The Helpful Animals. These are often begotten together with and in the same miraculous way as the heroes and the life-tokens. Arranged according to what we may now call “the Bovril principle,” they come in the following order: horses, dogs, hawks, lions, wolves, falcons, bears, foxes, eagles, ants, dog-fishes, bulls, calves, hares, boars, cats, winged horses, and deer.
The Magic Weapons. These are an obviously later variant of the same idea and, on the same principle, stand in the following order: lance, shield, sword, pistol, gun, magic wand, stick, bow and arrow, knife, beer, stole, magic water, powder-horn, air-gun, iron staff, 500-lb. club, mace, and crucifix.
The Rescued Maiden. In every case the function of the hero and all his apparatus is to rescue a distressed maiden from a monster to whom she is being sacrificed to appease the Gods. Often the hero, having rescued the lady, “ungallantly refuses to see her home, saying that he wishes to see a little more of the world.” But, before departing, he takes some token—the dragon’s tongue or eye or other part, or the lady’s handkerchief or other ornament. His desertion leaves her a prey to the first impostor who comes along, claims the victory for himself and the lady in marriage. In the nick of time the hero returns and shows up the impostor “and poetical justice is completed by his marriage with the lady” (who has always fallen in love with him at first sight), while her sisters (for she has two sisters) are commonly given to the two other princes (for he has two brothers).
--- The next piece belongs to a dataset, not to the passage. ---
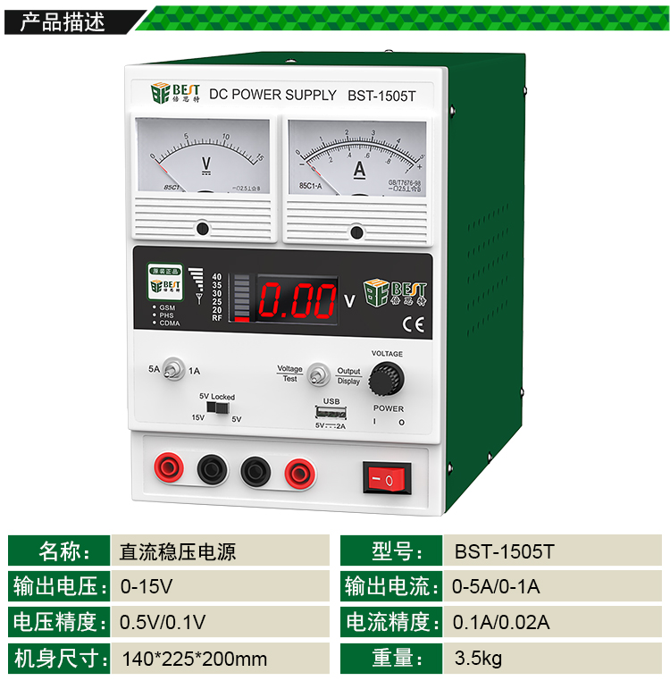 返回當(dāng)前位置: 首頁(yè) / 產(chǎn)品中心 / BST-1505T 直流穩(wěn)壓電源 15V/5A

As I have said, all the best Saints performed feats of this nature, including the Holy Apostles Philip and Matthew, St. Michael, St. Margaret, St. Hilarion, St. Donatus, St. John, St. Sylvester, Pope Leo IV, and a man named Smith (at Deerhurst in Gloucestershire). It is also told of a boy who was carried off by a dragon that, after long years, he was found in its cave “alive and reading the Gospel, which was held up before him by St. Friday, while St. Sunday further contributed to his convenience by holding the candle.”
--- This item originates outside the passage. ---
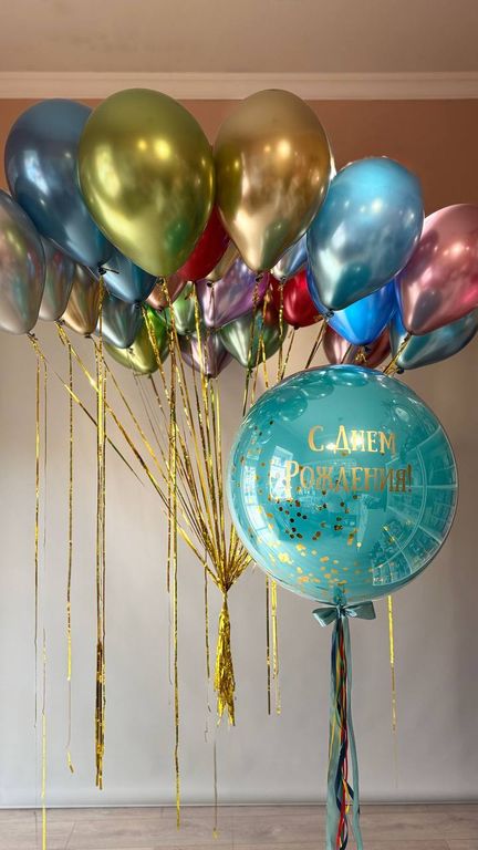 - 23 разноцветных шара хром с дождиком

Scarcely ten miles from Glastonbury a terrible dragon lived once on Aller Hill over beyond High Ham. His fiery breath destroyed the people and their flocks and herds, and he was particularly partial to maidens. The climax came when a young man called one morning to fetch his bride away to Church: her home
Was levelled to the ground,
And on its ruins, now a funeral pyre
Smouldered the ashes of her aged sire
and the foul monster had carried her off to his cave. The bridegroom swore, in his despair, that “earth should no longer hold a thing so vile,” and, marching off with his friends, killed the dragon and rescued his bride; but the story ends on a classical note of tragedy, for she died of horror in his house that very day.